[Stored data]
===============
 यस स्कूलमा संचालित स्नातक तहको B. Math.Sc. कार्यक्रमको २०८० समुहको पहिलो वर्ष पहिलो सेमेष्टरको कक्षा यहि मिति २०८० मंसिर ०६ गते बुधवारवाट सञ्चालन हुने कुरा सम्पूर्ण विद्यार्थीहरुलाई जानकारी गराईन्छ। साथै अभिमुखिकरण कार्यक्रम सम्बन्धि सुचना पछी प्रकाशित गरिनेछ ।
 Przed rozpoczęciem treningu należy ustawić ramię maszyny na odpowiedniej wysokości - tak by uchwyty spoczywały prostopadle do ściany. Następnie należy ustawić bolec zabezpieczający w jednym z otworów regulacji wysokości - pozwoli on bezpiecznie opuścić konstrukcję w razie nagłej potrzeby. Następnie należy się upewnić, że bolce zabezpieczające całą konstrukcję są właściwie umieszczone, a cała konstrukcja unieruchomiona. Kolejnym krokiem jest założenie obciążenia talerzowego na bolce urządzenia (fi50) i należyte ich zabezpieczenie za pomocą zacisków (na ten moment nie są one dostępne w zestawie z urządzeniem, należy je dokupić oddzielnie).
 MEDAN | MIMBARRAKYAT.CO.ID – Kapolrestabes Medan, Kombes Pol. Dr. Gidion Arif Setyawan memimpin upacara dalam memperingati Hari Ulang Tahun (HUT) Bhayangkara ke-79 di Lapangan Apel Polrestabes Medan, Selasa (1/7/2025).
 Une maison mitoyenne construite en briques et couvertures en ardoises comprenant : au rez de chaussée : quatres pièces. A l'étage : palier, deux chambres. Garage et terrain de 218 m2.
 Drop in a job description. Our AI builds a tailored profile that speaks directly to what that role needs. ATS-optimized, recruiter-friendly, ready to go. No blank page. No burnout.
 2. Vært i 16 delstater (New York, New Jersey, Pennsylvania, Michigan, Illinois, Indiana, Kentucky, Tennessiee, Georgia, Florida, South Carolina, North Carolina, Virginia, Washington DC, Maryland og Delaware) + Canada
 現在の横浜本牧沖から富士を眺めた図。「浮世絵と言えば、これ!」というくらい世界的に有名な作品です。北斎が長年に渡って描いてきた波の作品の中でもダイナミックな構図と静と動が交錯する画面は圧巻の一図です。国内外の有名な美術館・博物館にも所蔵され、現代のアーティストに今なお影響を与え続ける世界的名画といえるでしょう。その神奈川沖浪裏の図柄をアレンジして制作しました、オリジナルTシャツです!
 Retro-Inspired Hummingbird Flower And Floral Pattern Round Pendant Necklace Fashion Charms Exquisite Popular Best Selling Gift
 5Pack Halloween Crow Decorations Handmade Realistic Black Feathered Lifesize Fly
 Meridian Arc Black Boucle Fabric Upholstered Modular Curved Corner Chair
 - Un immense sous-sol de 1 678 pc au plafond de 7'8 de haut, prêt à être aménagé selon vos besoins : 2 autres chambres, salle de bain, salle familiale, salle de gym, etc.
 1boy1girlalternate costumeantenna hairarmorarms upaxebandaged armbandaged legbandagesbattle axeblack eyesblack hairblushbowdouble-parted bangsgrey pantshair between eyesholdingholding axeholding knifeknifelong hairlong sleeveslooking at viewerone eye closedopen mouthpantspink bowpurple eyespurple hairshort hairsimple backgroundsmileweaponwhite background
===============
- Exercise aim -
For this task, write out exactly the lines of the entries above, starting at the line with "2. Vært i 16" and ending at the line with "- Un immense", both included, and no others.

- Completed exercise -
 2. Vært i 16 delstater (New York, New Jersey, Pennsylvania, Michigan, Illinois, Indiana, Kentucky, Tennessiee, Georgia, Florida, South Carolina, North Carolina, Virginia, Washington DC, Maryland og Delaware) + Canada
 現在の横浜本牧沖から富士を眺めた図。「浮世絵と言えば、これ!」というくらい世界的に有名な作品です。北斎が長年に渡って描いてきた波の作品の中でもダイナミックな構図と静と動が交錯する画面は圧巻の一図です。国内外の有名な美術館・博物館にも所蔵され、現代のアーティストに今なお影響を与え続ける世界的名画といえるでしょう。その神奈川沖浪裏の図柄をアレンジして制作しました、オリジナルTシャツです!
 Retro-Inspired Hummingbird Flower And Floral Pattern Round Pendant Necklace Fashion Charms Exquisite Popular Best Selling Gift
 5Pack Halloween Crow Decorations Handmade Realistic Black Feathered Lifesize Fly
 Meridian Arc Black Boucle Fabric Upholstered Modular Curved Corner Chair
 - Un immense sous-sol de 1 678 pc au plafond de 7'8 de haut, prêt à être aménagé selon vos besoins : 2 autres chambres, salle de bain, salle familiale, salle de gym, etc.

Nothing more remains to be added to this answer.